Next day I was surprised to see the speech reported in the newspapers as though it were a perfectly normal event. Sometimes, you think, the Westminster village is so fascinated with itself that it doesn't even notice when it's being insulted. To an outsider, an infrequent member of the audience at political events, it had been a performance of startling rudeness. But it made its more lasting impression for two quite different reasons.
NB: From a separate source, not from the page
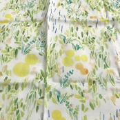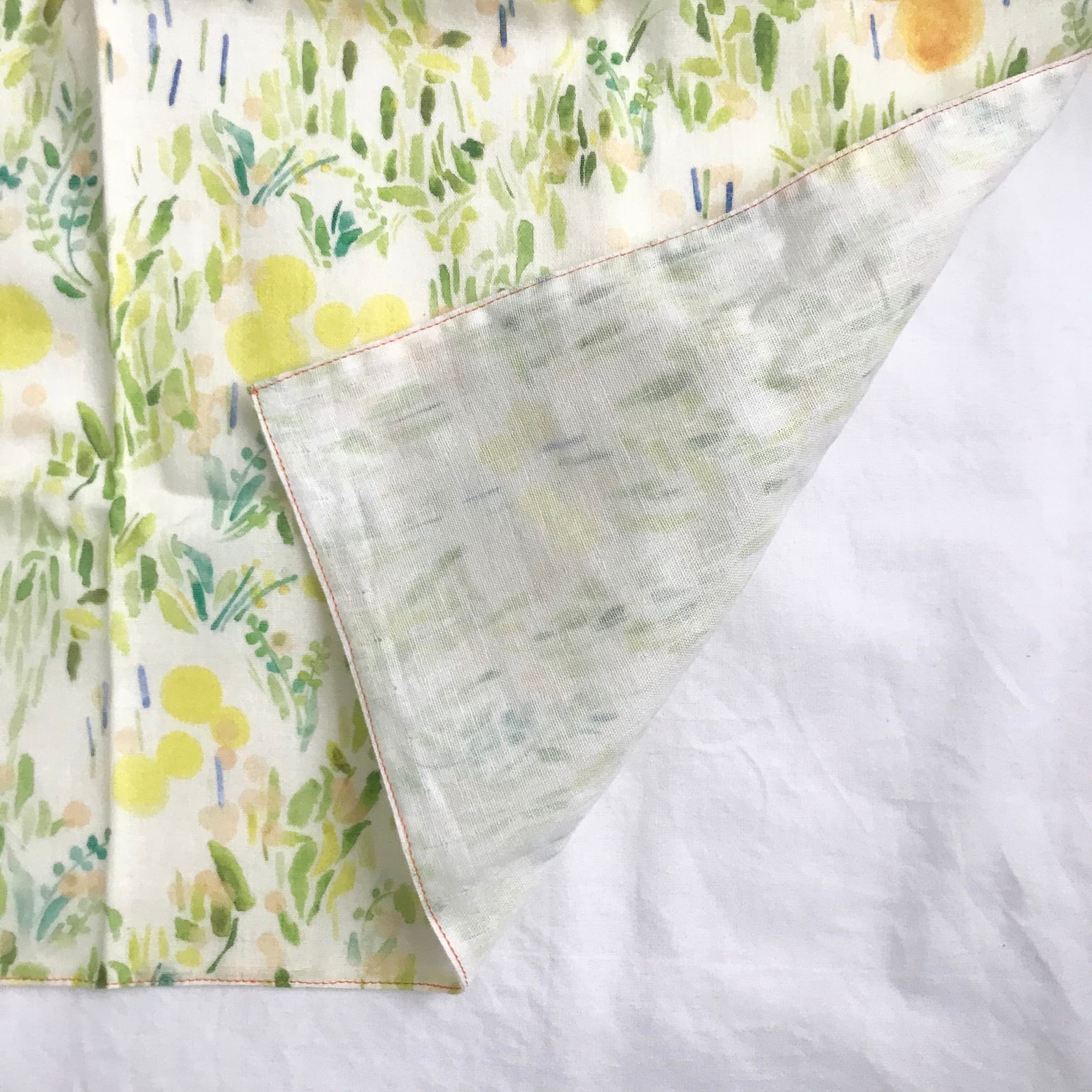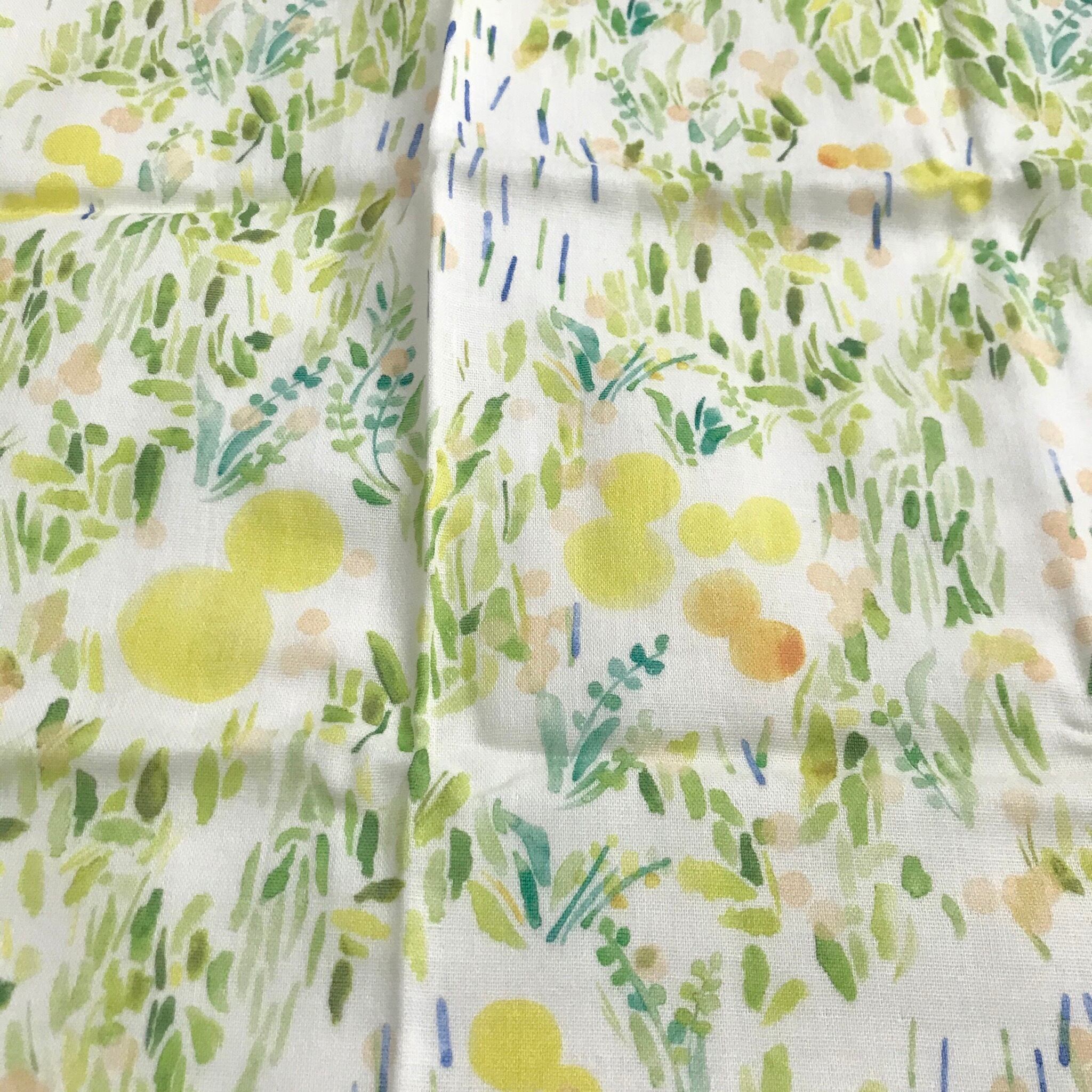 水彩で描いた柄を布印刷によりオリジナルテキスタイルにして

First, it seemed to represent a sort of desolate milestone beyond which no real honesty was any longer possible in the Labour Party about anything. The speech was intellectually derelict. If you had wanted seriously to address the question of why a gulf had grown up between the electorate and the political establishment in Britain, then the chances are that you would have been obliged at least to mention, if not to address, the widespread impression that your government had altogether abandoned the notion of an independent foreign policy. You would have had to try seriously to speak to the deep divisions created in the country by a bruising Middle Eastern invasion. But beyond that, I left the meeting saddened because Brown's manner - at once neurotic and imperious, like a scratchy clip of Charles Laughton as Claudius - contrasted so sharply with my memory of a night ten years earlier when I had gone to another political lecture for exactly the same reason - to get my first proper look at the previous coming man.

Most gifted politician

The conventional wisdom is to say that Tony Blair "does" sincerity. Like an advocate, it is claimed, he always believes what he says when he's saying it. But this version of Blair as a gifted snake-oil salesman, who happens temporarily to believe in snake oil, sells him way short. On that night in the Queen Elizabeth II Conference Centre, the young Blair gave an admittedly routine address, but in the question-and-answer session afterwards simply dazzled everyone present both by his command of subject matter and by the politeness and directness with which he considered everything that was put to him. Again, the common view is to insist that this degree of eloquence and plausibility is somehow suspect, that fluency must be the mark of someone who is up to no good.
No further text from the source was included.